2. Technical Solution Design
Solution Selection: Adapter Pattern + Unified IR
We recommend using a Gremlin-to-GeaFlow Adapter solution instead of a complete rewrite:
graph TB
A[Gremlin Query] --> B[Gremlin Parser]
B --> C[Gremlin Bytecode/AST]
C --> D[Gremlin-to-IR Converter]
D --> E[GeaFlow Unified IR]
E --> F[Physical Plan]
F --> G[VertexCentricTraversal API]
G --> H[Execution Engine]
I[GQL Query] --> J[GQL Parser]
J --> K[GQL AST]
K --> E
3. Detailed Implementation
3.1 Module Structure Design
The following modules are recommended:
geaflow/
├── geaflow-dsl/
│ ├── geaflow-dsl-gremlin/ # New
│ │ ├── geaflow-gremlin-parser/ # Gremlin Parser
│ │ ├── geaflow-gremlin-plan/ # Conversion Layer
│ │ └── geaflow-gremlin-runtime/ # Gremlin Runtime Adapter
│ ├── geaflow-dsl-parser/ # Existing
│ ├── geaflow-dsl-plan/ # Existing
│ └── geaflow-dsl-runtime/ # Existing
3.2 Core Component Implementation
Component 1: Gremlin Parser Layer
Dependency import:
<dependency>
<groupId>org.apache.tinkerpop</groupId>
<artifactId>gremlin-core</artifactId>
<version>3.7.0</version>
</dependency>
Implementation class:
GeaFlowGremlinParser: Parses Gremlin query stringsGremlinBytecodeTranslator: Converts Gremlin Bytecode to internal representation
Key interfaces:
public interface IGremlinParser {
GremlinQuery parse(String gremlinScript);
GremlinQuery parse(Bytecode bytecode);
}
Component 2: Gremlin-to-IR conversion layer
Reference to existing DSL architecture
Core converter:
GremlinToRelConverter: Convert Gremlin Steps to RelNodeGremlinStepTranslator: Handle various Gremlin Steps
Key mapping relationships:
| Gremlin Step | GeaFlow corresponding implementation |
|---|---|
g.V() |
VertexQuery full query |
g.V(id) |
VertexQuery.withId(id) |
.out() / .outE() |
EdgeQuery.getOutEdges() |
.in() / .inE() |
EdgeQuery.getInEdges() |
.has() / .filter() |
IFilter interface |
.values() |
Property projection |
.path() |
TraversalResponse path collection |
Component 3: Gremlin Runtime Adaptation layer
Core classes:
GremlinTraversalExecutor: executes Gremlin traversal logicGremlinVertexProgram: implements VertexCentricTraversal interfaceGremlinMessageCombiner: message aggregation
Adapt to existing Traversal API:
3.3 Execution process design
sequenceDiagram
participant User
participant GremlinParser
participant Converter
participant Planner
participant Runtime
participant TraversalAPI
User->>GremlinParser: g.V().out().has("age", gt(30))
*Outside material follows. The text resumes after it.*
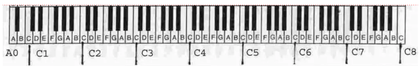 声乐中的音高按 “律” 来规范划分,比如 do re mi fa so la xi. 每一组称为一个 “八度” , 用 C1,2,3… 表示每个八度的起始”do” 音,同理 DEFGAB 表示 re mi… ; 定义中央的 C4 表示 261hz.

GremlinParser->>Converter: Gremlin Bytecode
Converter->>Planner: Logical Plan (RelNode)
Planner->>Planner: optimization (RBO/CBO)
Planner->>Runtime: Physical Plan
Runtime->>TraversalAPI: VertexCentricTraversal
TraversalAPI->>Runtime: Execution Result
Runtime->>User: Return Result
4. Key Technology Implementation
4.1 Gremlin Step Mapping Implementation
Example: out() Step Mapping
// Gremlin: g.V(1).out("knows")
// Mapping to GeaFlow VertexCentricTraversal
public class GremlinOutStepTranslator {
public void translate(OutStep step, TraversalContext ctx) {
String edgeLabel = step.getEdgeLabel();
// 映射到 EdgeQuery
ctx.addCompute((vertex, context) -> {
List<IEdge> edges = context.edges()
.getOutEdges() // 对应 out()
.filter(e -> edgeLabel == null ||
e.getLabel().equals(edgeLabel))
.collect();
// 发送消息到邻居节点
for (IEdge edge : edges) {
context.sendMessage(edge.getTargetId(),
new TraversalMessage(context.getPath()));
}
});
}
}
4.2 Key Points in Gremlin Semantics Support
1) Path Tracing
Gremlin's path() requires complete path information:
public class PathTrackingMessage implements Serializable {
private List<Object> vertexIds;
private List<Object> edgeIds;
private Map<String, Object> labels;
}
2) Subgraph Traversal
Supports repeat(), until(), and times() etc. loop traversal:
public class RepeatStepTranslator {
// 映射到 GeaFlow 的迭代计算
public void translate(RepeatStep step, TraversalContext ctx) {
int maxIterations = step.getMaxIterations();
ctx.withIterations(maxIterations);
// ... 实现重复遍历逻辑
}
}
3) Aggregation Operation
Support count(), sum(), groupCount(), etc.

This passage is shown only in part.